→ Work request
Apart from the pictures, return every line of the listing exactly.

→ Data extract
-.-.-

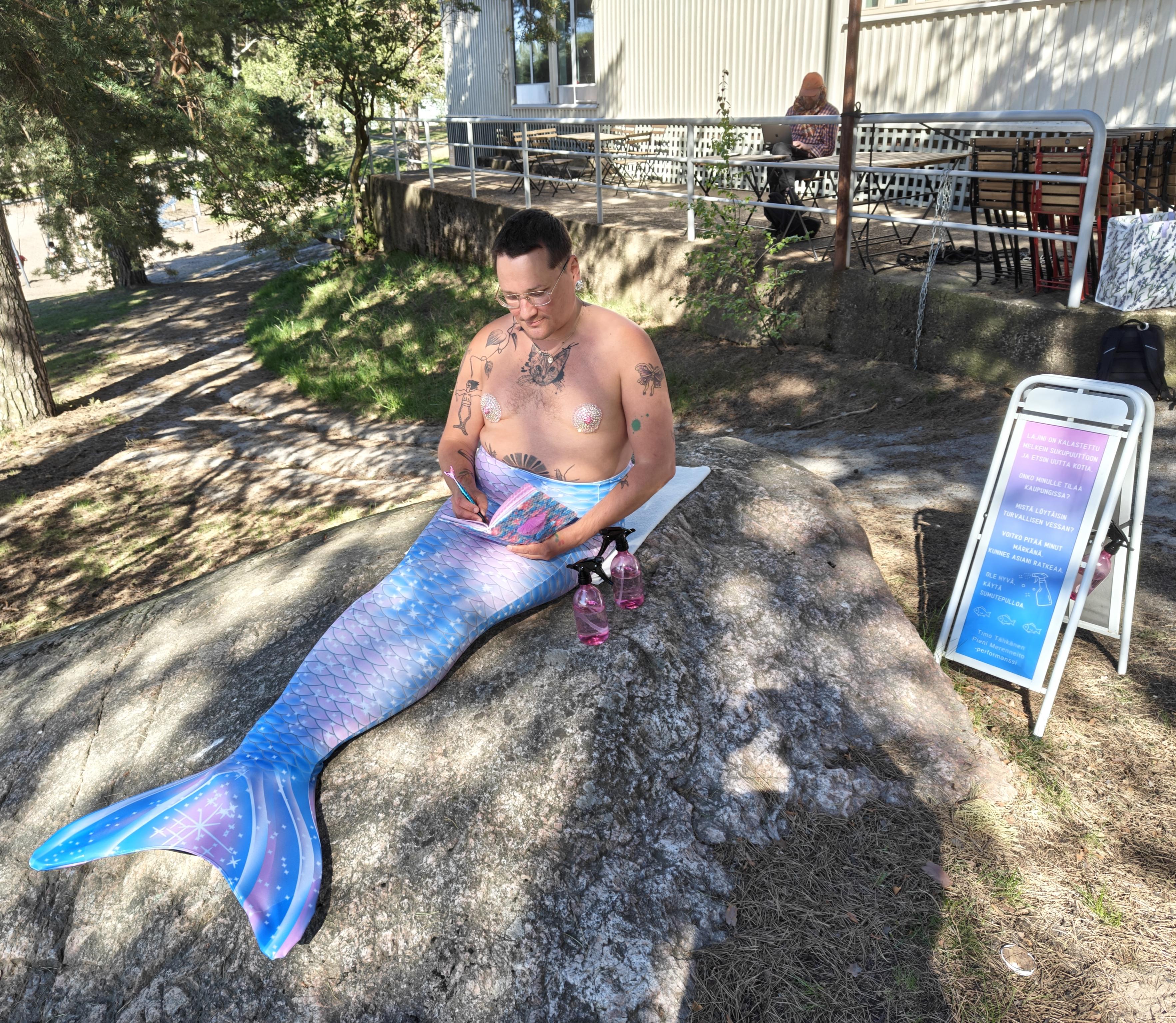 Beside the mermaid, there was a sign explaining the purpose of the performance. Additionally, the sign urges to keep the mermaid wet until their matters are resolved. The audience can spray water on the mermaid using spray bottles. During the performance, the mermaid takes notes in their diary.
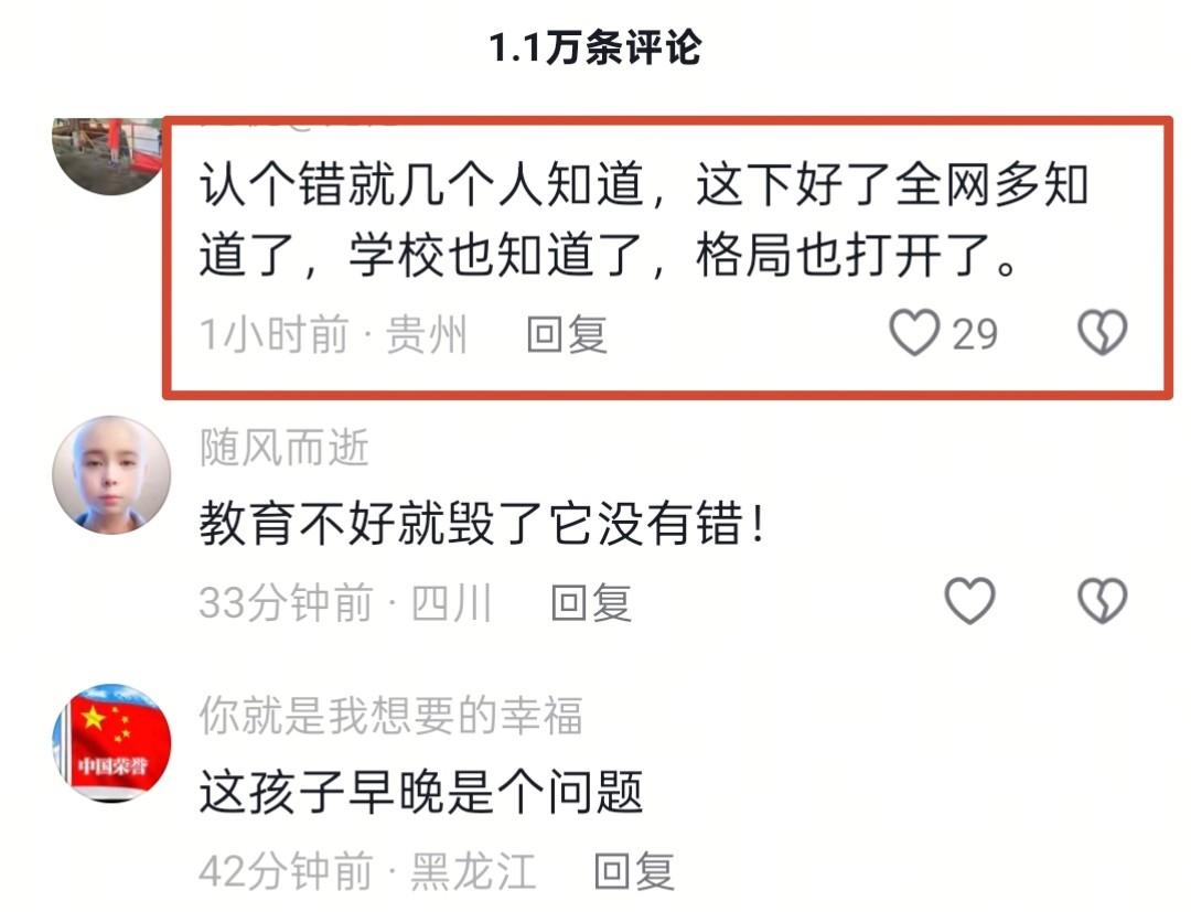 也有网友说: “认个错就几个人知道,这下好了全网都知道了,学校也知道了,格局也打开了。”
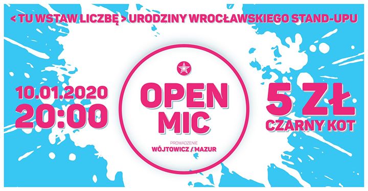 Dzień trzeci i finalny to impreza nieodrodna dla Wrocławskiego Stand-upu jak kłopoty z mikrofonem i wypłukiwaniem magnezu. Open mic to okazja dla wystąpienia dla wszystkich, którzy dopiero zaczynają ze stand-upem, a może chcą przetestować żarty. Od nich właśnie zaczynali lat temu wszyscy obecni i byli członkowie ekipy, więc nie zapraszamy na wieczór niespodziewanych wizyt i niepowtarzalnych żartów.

-.-.-

→ Exercise answer
 Beside the mermaid, there was a sign explaining the purpose of the performance. Additionally, the sign urges to keep the mermaid wet until their matters are resolved. The audience can spray water on the mermaid using spray bottles. During the performance, the mermaid takes notes in their diary.
 也有网友说: “认个错就几个人知道,这下好了全网都知道了,学校也知道了,格局也打开了。”
 Dzień trzeci i finalny to impreza nieodrodna dla Wrocławskiego Stand-upu jak kłopoty z mikrofonem i wypłukiwaniem magnezu. Open mic to okazja dla wystąpienia dla wszystkich, którzy dopiero zaczynają ze stand-upem, a może chcą przetestować żarty. Od nich właśnie zaczynali lat temu wszyscy obecni i byli członkowie ekipy, więc nie zapraszamy na wieczór niespodziewanych wizyt i niepowtarzalnych żartów.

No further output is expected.